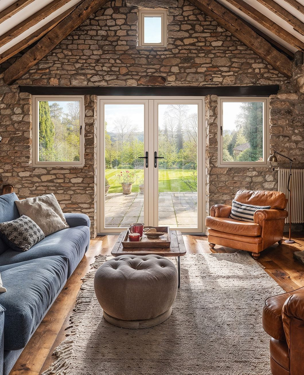 In an open-plan kitchen and living area, it goes without saying that well placed windows, patio doors and gloriously high ceilings light up any room. Exposed, distressed timber beams and a cleverly placed rug draw the eye to the garden beyond, but be warned … fingerprints from sticky grandkids or paw prints from mucky pooches are not granny approved! Forget the chemicals: nothing beats vinegar, newspaper and good old elbow grease. @fairco_windows
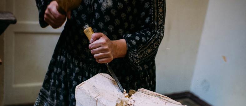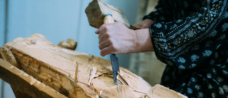 И такая работа с деревом рождает совершенно женский принцип: соприкасаться с живым материалом, не травмируя его, не делая в нем дыр и вставок, не нарушая структуру дерева.
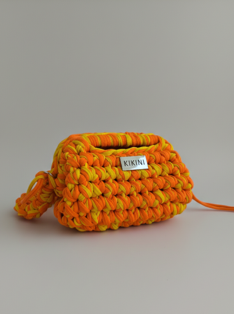 Elegantiška, bet kartu žaisminga delninė nunerta iš dvigubos perdirbtos medvilnės virvelės. Metalinis rėmelis su užsegimu suteikia retro žavesio, o ergonomiškas dizainas leidžia patogiai laikyti rankoje.
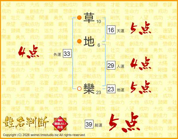 草地欒さんの総運は39画の5点!
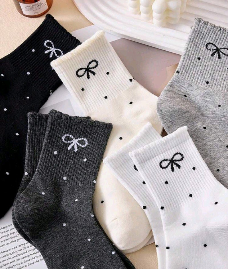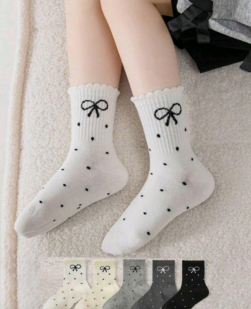 4 أزواج من جوارب الربيعية/الصيفية، مزينة بفيونكة، منقطة، بنمط مدرسي، بكشكشة، مطاطية، متوسطة الطول لعمر 12_ y16
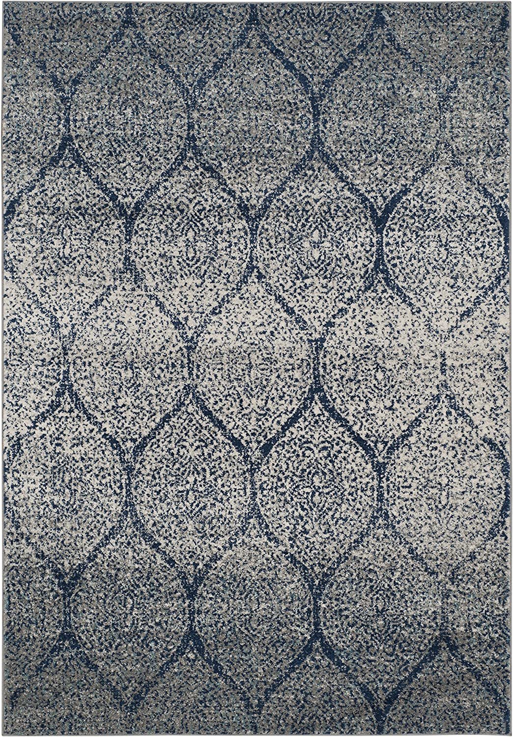 Safavieh Madison Collection Mad604G Glam Ogee Trellis Distressed, Navy/Silver.
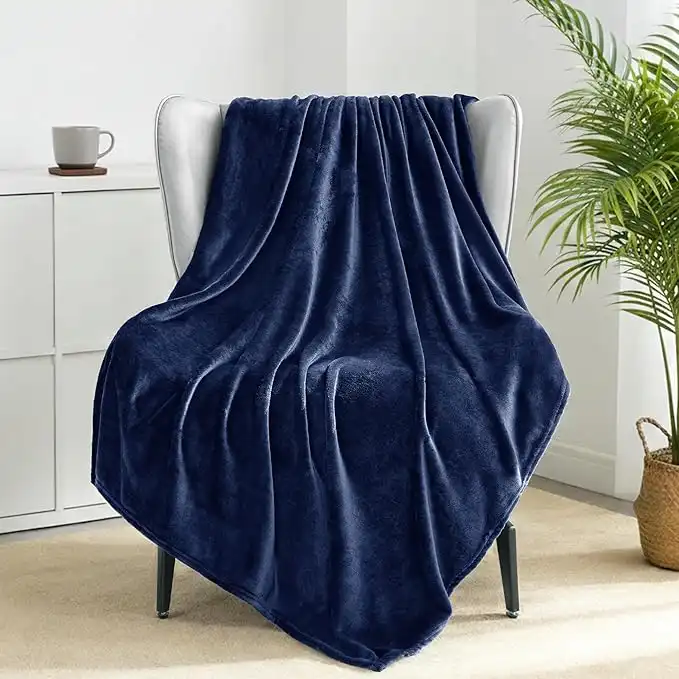Exclusivo Mezcla Extra Large Fleece Throw Blanket for Couch, Sofa, 300GSM Super Soft and Warm Blankets, Navy Blue Throw All Season Use, Cozy, Plush, Lightweight, 50x70 Inches
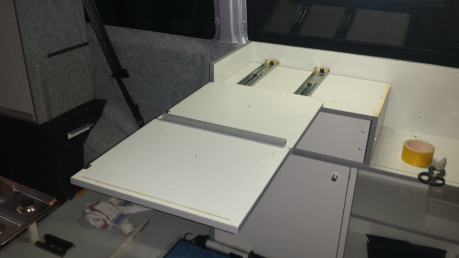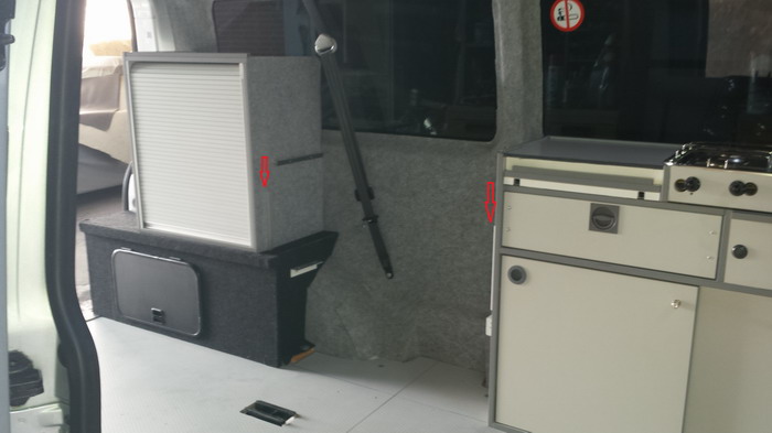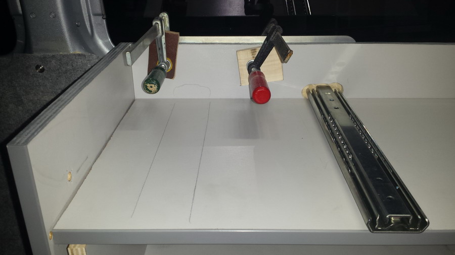 Es folgte der Einbau des Zwischenschrankes neben der Sitzbank. Dieser Schrank soll mit dem Heckschrank und dem Küchenblock verbunden werden, damit er ebenfalls schnell ausgebaut werden kann.
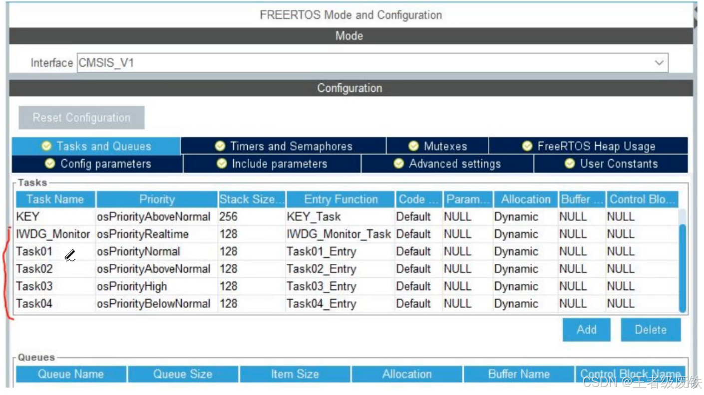 - 监测任务与被监测任务均不可以挂起或删除,否则,无法及时喂狗导致系统复位
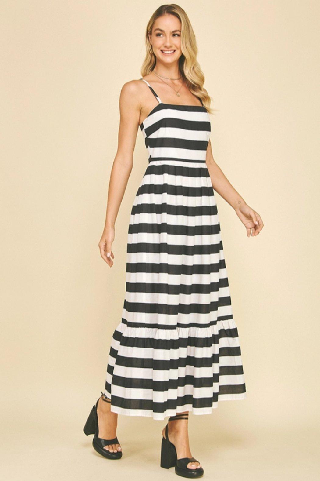 This classic striped maxi dress features bold black and white horizontal stripes that create a timeless, nautical-inspired look. Made from 100% cotton for breathable comfort, the dress showcases thin adjustable spaghetti straps and a fitted bodice that flows into a graceful tiered maxi skirt with a subtle ruffle hem. The clean lines and monochromatic palette make this versatile piece perfect for everything from casual beach days to summer evenings out.

* About this exercise *
Here the job is to copy the stretch of records from the line containing "И такая работа" through the line containing "4 أزواج من جوارب", word for word. Leave every picture out.

* Exercise output *
 И такая работа с деревом рождает совершенно женский принцип: соприкасаться с живым материалом, не травмируя его, не делая в нем дыр и вставок, не нарушая структуру дерева.
 Elegantiška, bet kartu žaisminga delninė nunerta iš dvigubos perdirbtos medvilnės virvelės. Metalinis rėmelis su užsegimu suteikia retro žavesio, o ergonomiškas dizainas leidžia patogiai laikyti rankoje.
 草地欒さんの総運は39画の5点!
 4 أزواج من جوارب الربيعية/الصيفية، مزينة بفيونكة، منقطة، بنمط مدرسي، بكشكشة، مطاطية، متوسطة الطول لعمر 12_ y16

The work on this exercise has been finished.